Il giudizio con il quale si procede alla corretta determinazione dell'inquadramento del lavoratore subordinato passa per un momento ineludibile: ci si riferisce al cosiddetto percorso trifasico, sul quale la Corte di cassazione (sezione lavoro, 2972/2021 dell’8 febbraio ) ha provato a fare chiarezza.
Si tratta, in sostanza, di un procedimento logico-giuridico composto da tre fasi successive che così si articolano:
- innanzitutto, il giudice deve accertare le attività lavorative che il dipendente ha concretamente svolto;
- successivamente si procede a individuare le qualifiche e i gradi previsti dal contratto collettivo di categoria applicabile nel caso concreto;
- infine, occorre confrontare il risultato della prima indagine con il testo della contrattazione individuato nella seconda.

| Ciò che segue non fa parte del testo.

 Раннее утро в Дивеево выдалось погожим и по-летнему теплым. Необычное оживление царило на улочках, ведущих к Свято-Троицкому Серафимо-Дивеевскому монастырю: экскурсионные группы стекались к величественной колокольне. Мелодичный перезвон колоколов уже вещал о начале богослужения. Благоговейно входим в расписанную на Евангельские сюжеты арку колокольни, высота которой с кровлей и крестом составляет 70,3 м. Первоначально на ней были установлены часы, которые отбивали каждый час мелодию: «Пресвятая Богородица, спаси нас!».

La Corte di cassazione, in ogni caso, ha precisato che, sebbene nella determinazione dell'inquadramento del lavoratore non sia possibile prescindere dall'osservanza del criterio trifasico, è comunque vero anche che il giudice non deve attenersi in maniera pedissequa alla sequenza delle azioni che caratterizzano tale schema procedimentale e sulle quali ci siamo appena soffermati: non si tratta, in fatti, di una sequenza rigida, ma è ben possibile per il giudice discostarsi dalla stessa purché il suo ragionamento decisorio sia comunque influenzato da ciascuno dei tre momenti di accertamento, ricognizione e valutazione, che concorrano, quindi, a determinarne le conclusioni.

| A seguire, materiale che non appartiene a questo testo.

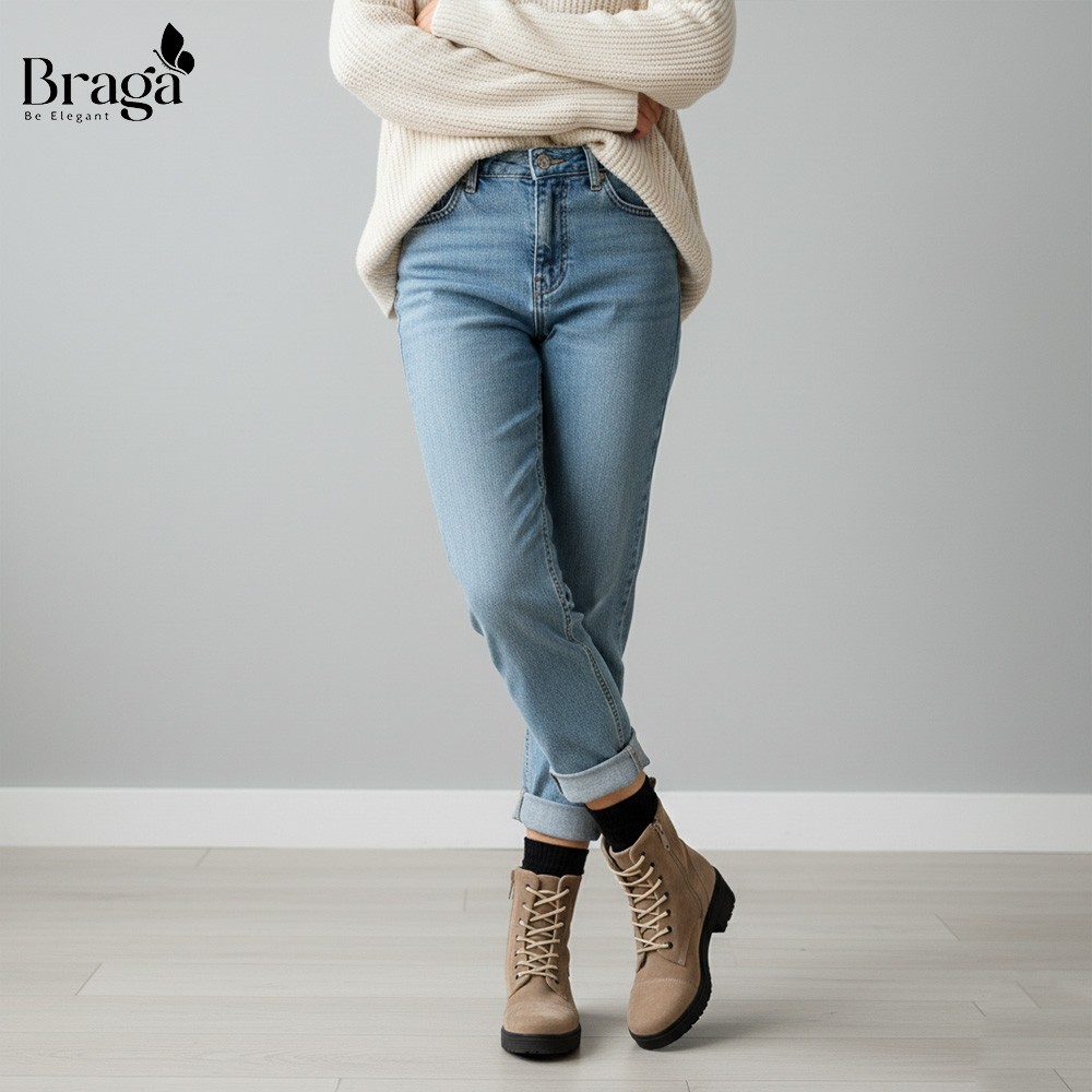 BRAGA Nada B 4571 Sepatu Boots Wanita Kulit Sintetis Warna Hitam | Formal Kerja Kantor Guru Boot

A tale proposito, il caso oggetto della pronuncia della Corte è particolarmente esemplificativo: il giudice territoriale ha innanzitutto fatto richiamo al livello di inquadramento della lavoratrice parte del giudizio, specificando a quali figure lo stesso è riservato e ha, successivamente, rimarcato le mansioni che, come emerso dalle acquisizioni probatorie, erano state svolte dalla donna, per poi concludere che l'attribuzione di questa al livello nel quale era stata inquadrata non poteva considerarsi aderente alle previsioni del Ccnl di settore, dato che, di fatto, i compiti svolti dalla lavoratrice realizzavano il requisito coessenziale alla qualifica di un livello superiore.
Così operando, a detta della Corte di cassazione, la sentenza di merito si è sviluppata attraverso una struttura logico-giuridica che risponde pienamente ai canoni che definiscono una «corretta sussunzione della fattispecie nell'archetipo normativo di riferimento». Ciò posto, nessuna rilevanza può essere attribuita alla circostanza che il giudice non abbia fatto riferimento ai profili professionali che corrispondono alla declaratoria contrattuale relativa al livello rivendicato, data anche la loro natura esemplificativa.